- WORK REQUEST:
Could you repeat the entries below exactly, but only from the line with "건국대학교 부동산대학원(원장 고성수)은" through the line with "I purchased blackberry, model", and without any picture?

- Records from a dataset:
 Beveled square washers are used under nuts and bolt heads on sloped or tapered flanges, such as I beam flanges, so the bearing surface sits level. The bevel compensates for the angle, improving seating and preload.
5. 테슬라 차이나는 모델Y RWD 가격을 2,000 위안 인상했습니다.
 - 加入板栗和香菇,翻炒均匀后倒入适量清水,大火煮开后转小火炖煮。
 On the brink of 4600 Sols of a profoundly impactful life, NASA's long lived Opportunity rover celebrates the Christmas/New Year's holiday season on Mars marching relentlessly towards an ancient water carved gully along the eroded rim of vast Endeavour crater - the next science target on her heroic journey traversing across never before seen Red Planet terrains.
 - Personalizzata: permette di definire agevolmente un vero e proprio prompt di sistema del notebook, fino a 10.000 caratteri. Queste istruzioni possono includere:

---

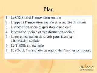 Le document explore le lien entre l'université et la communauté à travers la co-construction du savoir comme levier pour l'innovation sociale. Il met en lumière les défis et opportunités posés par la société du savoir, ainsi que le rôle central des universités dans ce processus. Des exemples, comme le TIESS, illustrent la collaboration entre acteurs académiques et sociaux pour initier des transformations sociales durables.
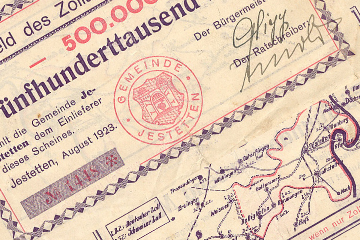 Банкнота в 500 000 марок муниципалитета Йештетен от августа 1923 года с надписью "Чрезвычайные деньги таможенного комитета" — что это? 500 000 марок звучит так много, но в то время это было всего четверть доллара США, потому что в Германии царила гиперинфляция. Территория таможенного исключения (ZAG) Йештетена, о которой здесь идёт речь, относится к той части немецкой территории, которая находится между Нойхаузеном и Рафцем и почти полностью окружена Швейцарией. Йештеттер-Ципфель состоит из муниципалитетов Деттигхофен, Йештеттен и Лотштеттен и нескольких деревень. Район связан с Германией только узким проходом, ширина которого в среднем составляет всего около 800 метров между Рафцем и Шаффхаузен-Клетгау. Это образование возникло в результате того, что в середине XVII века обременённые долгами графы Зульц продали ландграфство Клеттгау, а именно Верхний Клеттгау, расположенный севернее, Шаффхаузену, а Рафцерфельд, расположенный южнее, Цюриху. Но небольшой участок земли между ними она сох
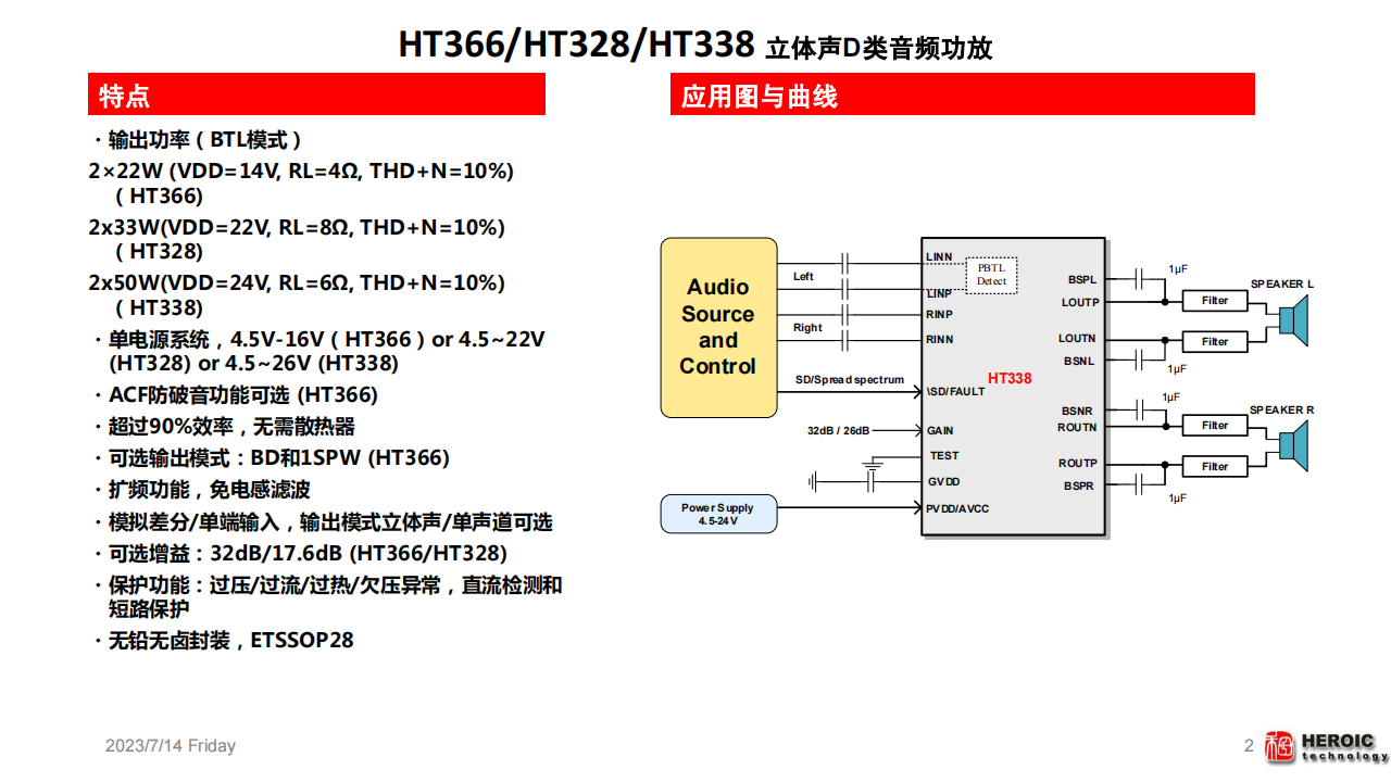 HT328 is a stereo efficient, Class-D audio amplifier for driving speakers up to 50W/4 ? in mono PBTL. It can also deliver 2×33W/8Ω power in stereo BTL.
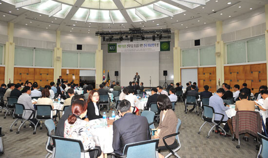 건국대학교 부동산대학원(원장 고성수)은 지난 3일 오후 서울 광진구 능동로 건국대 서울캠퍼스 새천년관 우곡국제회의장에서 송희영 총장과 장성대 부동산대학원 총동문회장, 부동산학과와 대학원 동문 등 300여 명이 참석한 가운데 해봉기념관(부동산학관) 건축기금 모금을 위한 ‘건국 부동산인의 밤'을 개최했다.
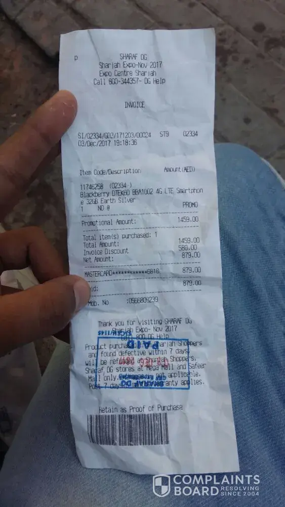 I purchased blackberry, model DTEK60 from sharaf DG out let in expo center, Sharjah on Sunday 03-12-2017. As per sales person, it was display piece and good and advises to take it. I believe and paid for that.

- OUTPUT:
 건국대학교 부동산대학원(원장 고성수)은 지난 3일 오후 서울 광진구 능동로 건국대 서울캠퍼스 새천년관 우곡국제회의장에서 송희영 총장과 장성대 부동산대학원 총동문회장, 부동산학과와 대학원 동문 등 300여 명이 참석한 가운데 해봉기념관(부동산학관) 건축기금 모금을 위한 ‘건국 부동산인의 밤'을 개최했다.
 I purchased blackberry, model DTEK60 from sharaf DG out let in expo center, Sharjah on Sunday 03-12-2017. As per sales person, it was display piece and good and advises to take it. I believe and paid for that.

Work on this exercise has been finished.